**** DATA UNDER STUDY ****

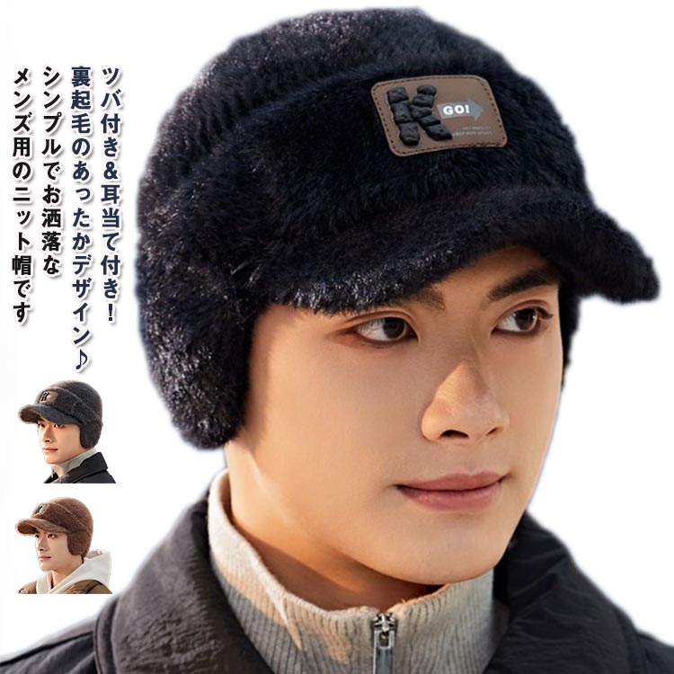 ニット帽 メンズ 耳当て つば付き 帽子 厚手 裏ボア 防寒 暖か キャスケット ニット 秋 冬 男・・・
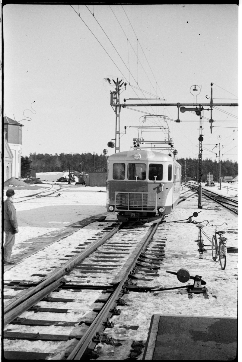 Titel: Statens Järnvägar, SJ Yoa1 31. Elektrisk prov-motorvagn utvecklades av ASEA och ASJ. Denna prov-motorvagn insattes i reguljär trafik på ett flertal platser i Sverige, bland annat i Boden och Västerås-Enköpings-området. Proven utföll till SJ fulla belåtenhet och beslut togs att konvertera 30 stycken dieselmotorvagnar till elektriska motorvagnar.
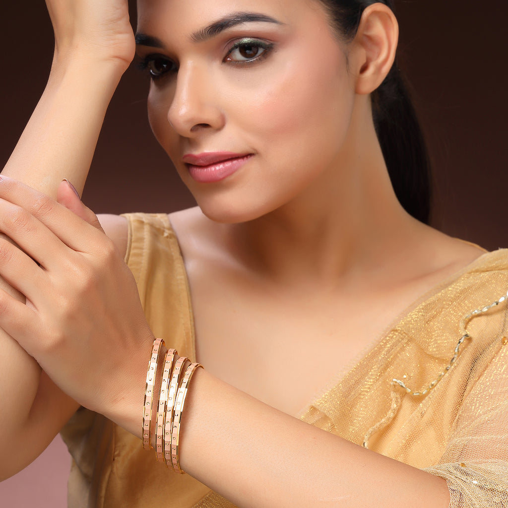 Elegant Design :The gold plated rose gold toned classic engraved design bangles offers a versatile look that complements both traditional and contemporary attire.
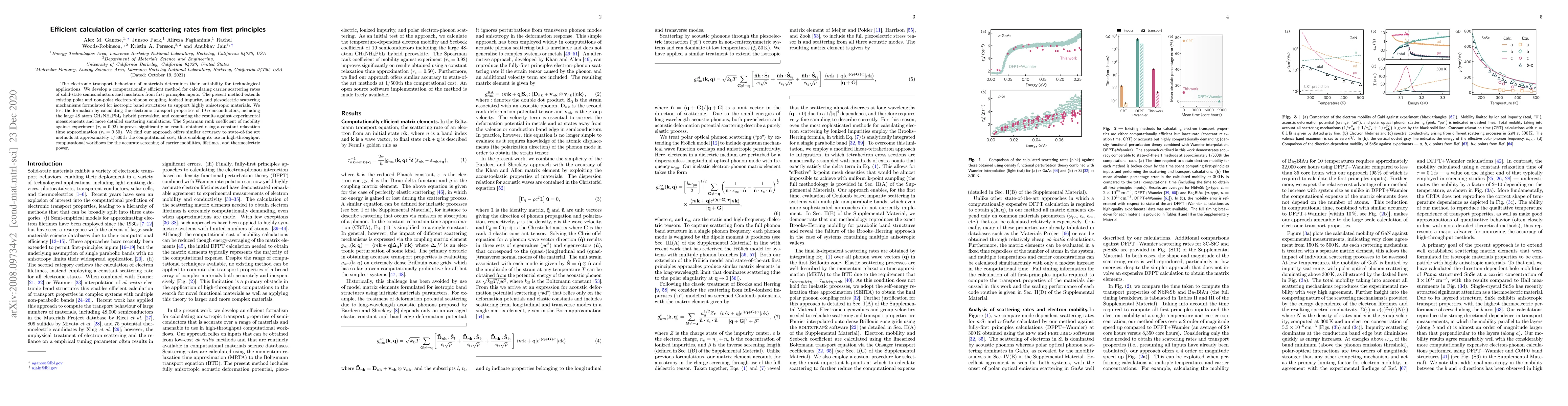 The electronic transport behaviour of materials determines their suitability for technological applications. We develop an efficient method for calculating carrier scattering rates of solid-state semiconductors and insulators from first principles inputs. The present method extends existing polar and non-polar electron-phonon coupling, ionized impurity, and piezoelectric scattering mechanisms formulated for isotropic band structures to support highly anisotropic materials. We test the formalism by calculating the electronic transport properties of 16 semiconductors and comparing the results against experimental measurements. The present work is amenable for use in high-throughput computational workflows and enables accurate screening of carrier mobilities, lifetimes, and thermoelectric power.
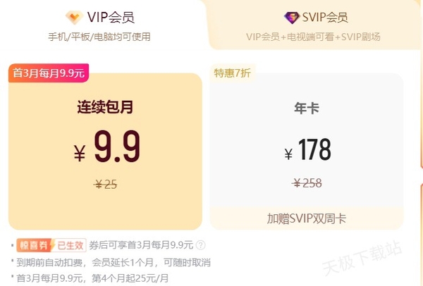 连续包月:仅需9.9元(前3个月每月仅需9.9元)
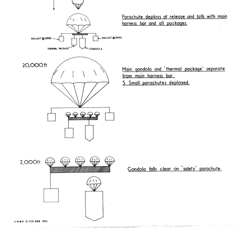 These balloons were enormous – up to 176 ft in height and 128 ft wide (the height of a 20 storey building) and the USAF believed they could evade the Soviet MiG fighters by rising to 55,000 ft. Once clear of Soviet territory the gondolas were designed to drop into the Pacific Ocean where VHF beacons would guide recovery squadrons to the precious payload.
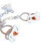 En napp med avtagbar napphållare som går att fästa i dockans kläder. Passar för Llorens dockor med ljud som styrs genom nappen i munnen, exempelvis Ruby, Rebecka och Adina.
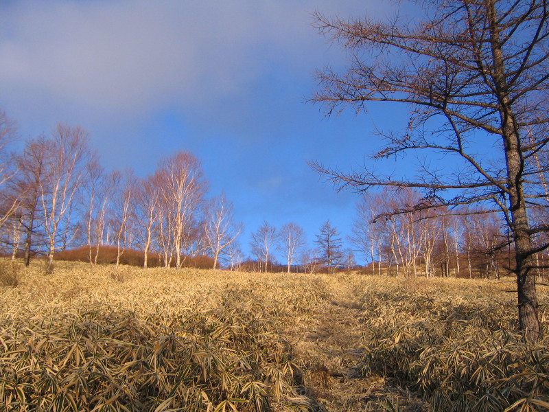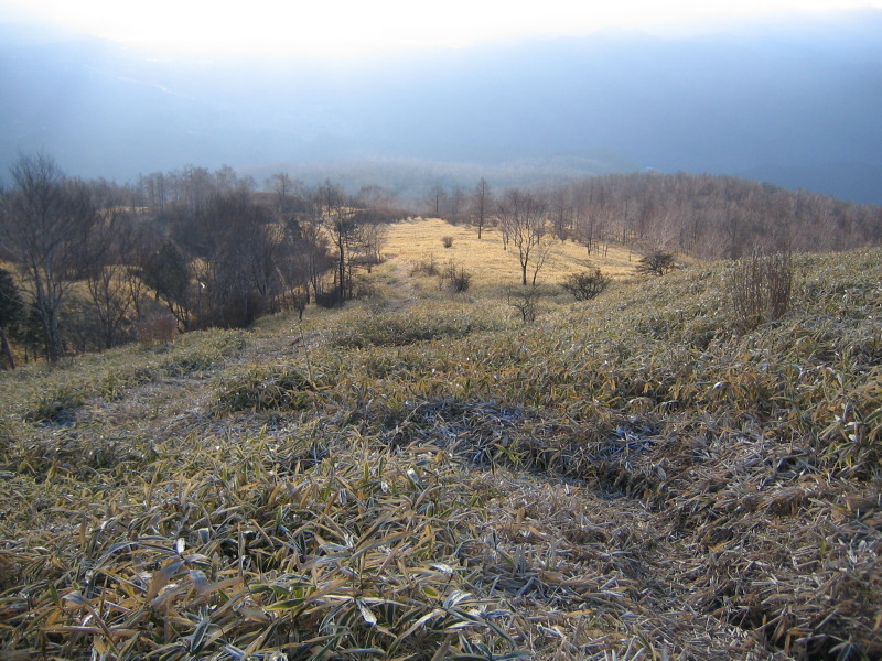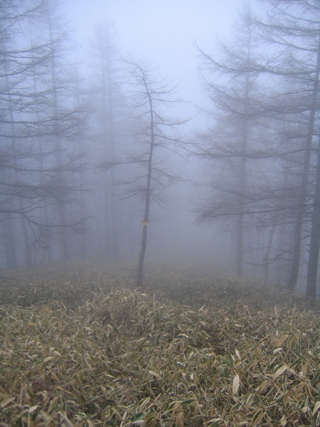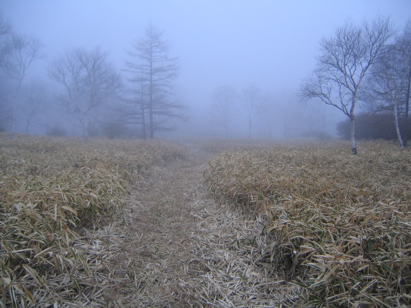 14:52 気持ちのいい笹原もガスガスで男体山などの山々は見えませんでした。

****
**** DATA UNDER STUDY ****

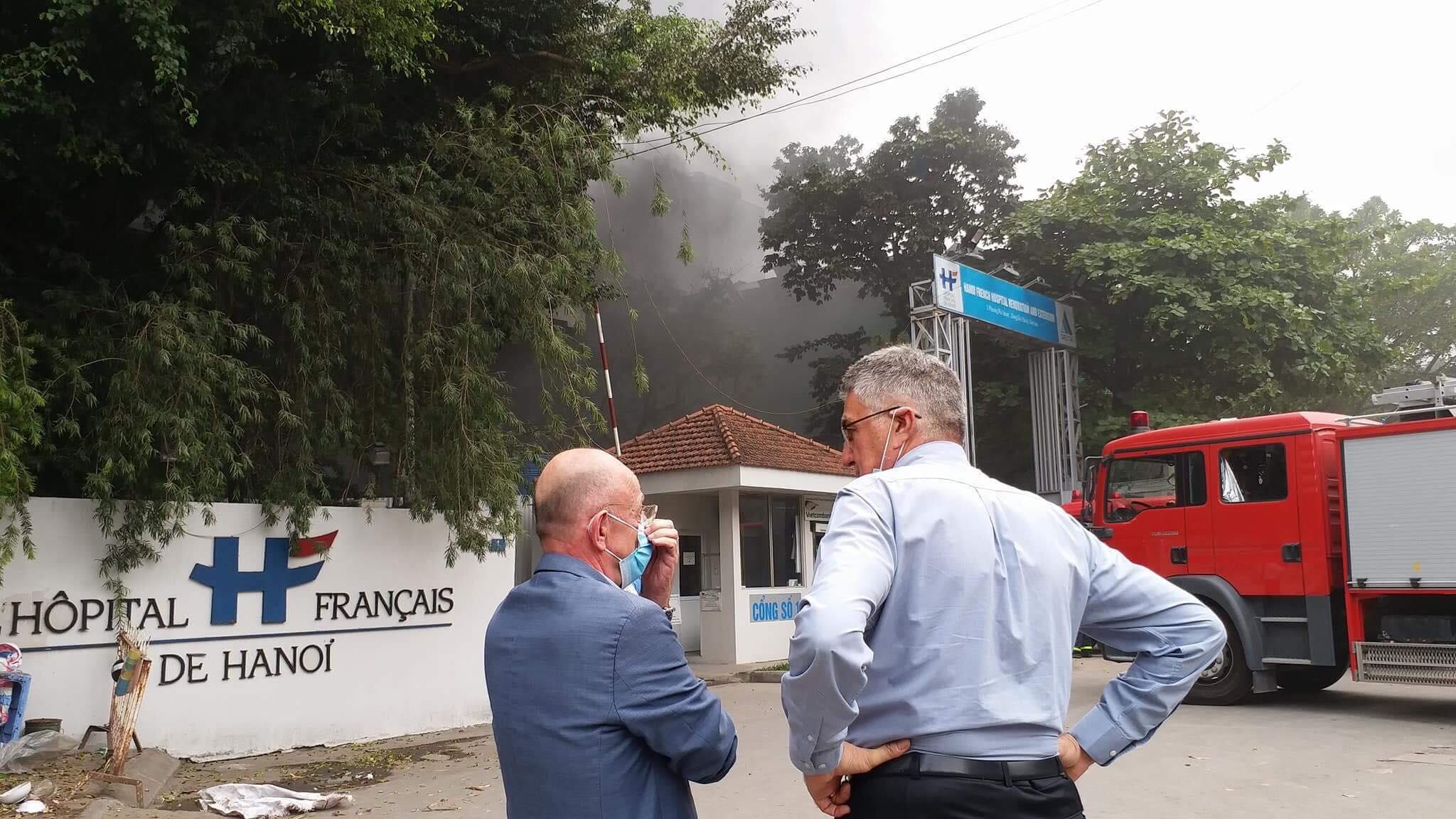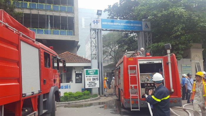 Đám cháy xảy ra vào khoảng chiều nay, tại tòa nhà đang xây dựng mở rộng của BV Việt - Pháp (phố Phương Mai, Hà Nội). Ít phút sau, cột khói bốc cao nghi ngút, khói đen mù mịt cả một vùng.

****
**** DATA UNDER STUDY ****

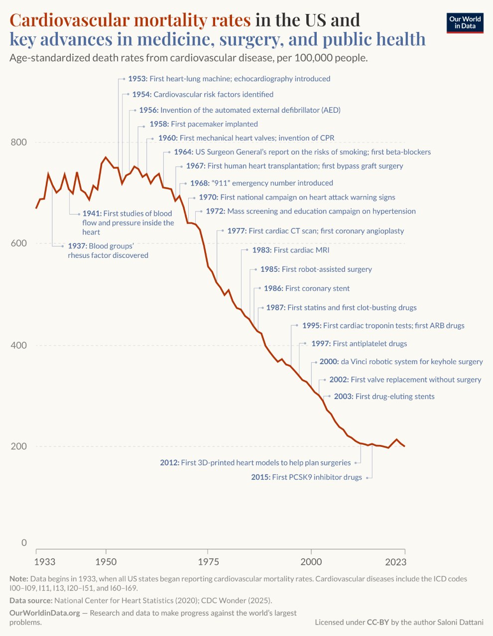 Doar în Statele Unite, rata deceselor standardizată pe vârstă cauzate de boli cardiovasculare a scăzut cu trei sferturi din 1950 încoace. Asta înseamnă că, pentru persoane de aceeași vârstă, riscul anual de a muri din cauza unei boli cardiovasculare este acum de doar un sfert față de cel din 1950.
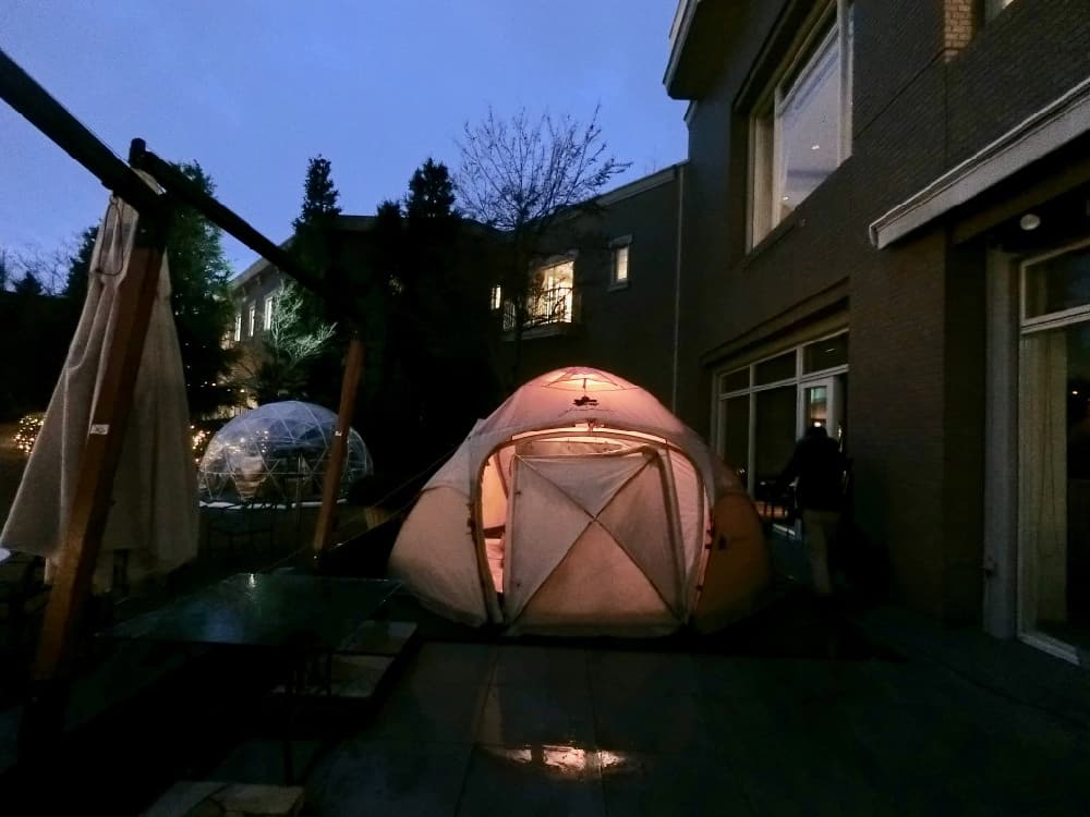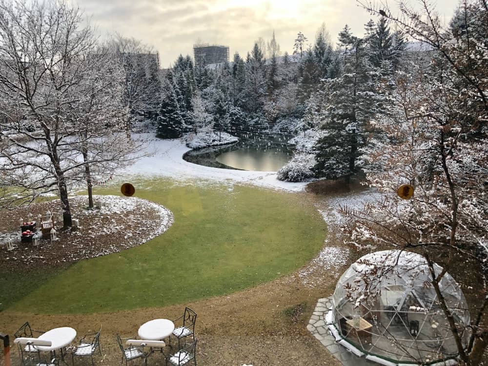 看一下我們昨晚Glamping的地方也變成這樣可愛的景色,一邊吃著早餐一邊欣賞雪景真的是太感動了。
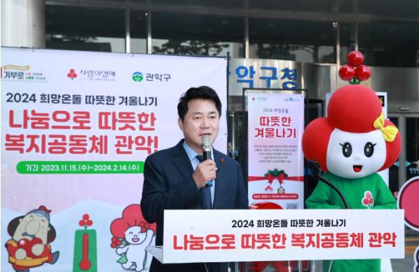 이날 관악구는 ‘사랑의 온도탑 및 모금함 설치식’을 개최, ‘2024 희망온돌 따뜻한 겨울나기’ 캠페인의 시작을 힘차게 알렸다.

****

§ WORK TO BE COMPLETED
Look above for the line with "These balloons were" and copy exactly from it through the line with "14:52 気持ちのいい笹原もガスガスで男体山などの山々は見えませんでした。", both included. Omit the pictures.

§ SOLUTION
 These balloons were enormous – up to 176 ft in height and 128 ft wide (the height of a 20 storey building) and the USAF believed they could evade the Soviet MiG fighters by rising to 55,000 ft. Once clear of Soviet territory the gondolas were designed to drop into the Pacific Ocean where VHF beacons would guide recovery squadrons to the precious payload.
 En napp med avtagbar napphållare som går att fästa i dockans kläder. Passar för Llorens dockor med ljud som styrs genom nappen i munnen, exempelvis Ruby, Rebecka och Adina.
 14:52 気持ちのいい笹原もガスガスで男体山などの山々は見えませんでした。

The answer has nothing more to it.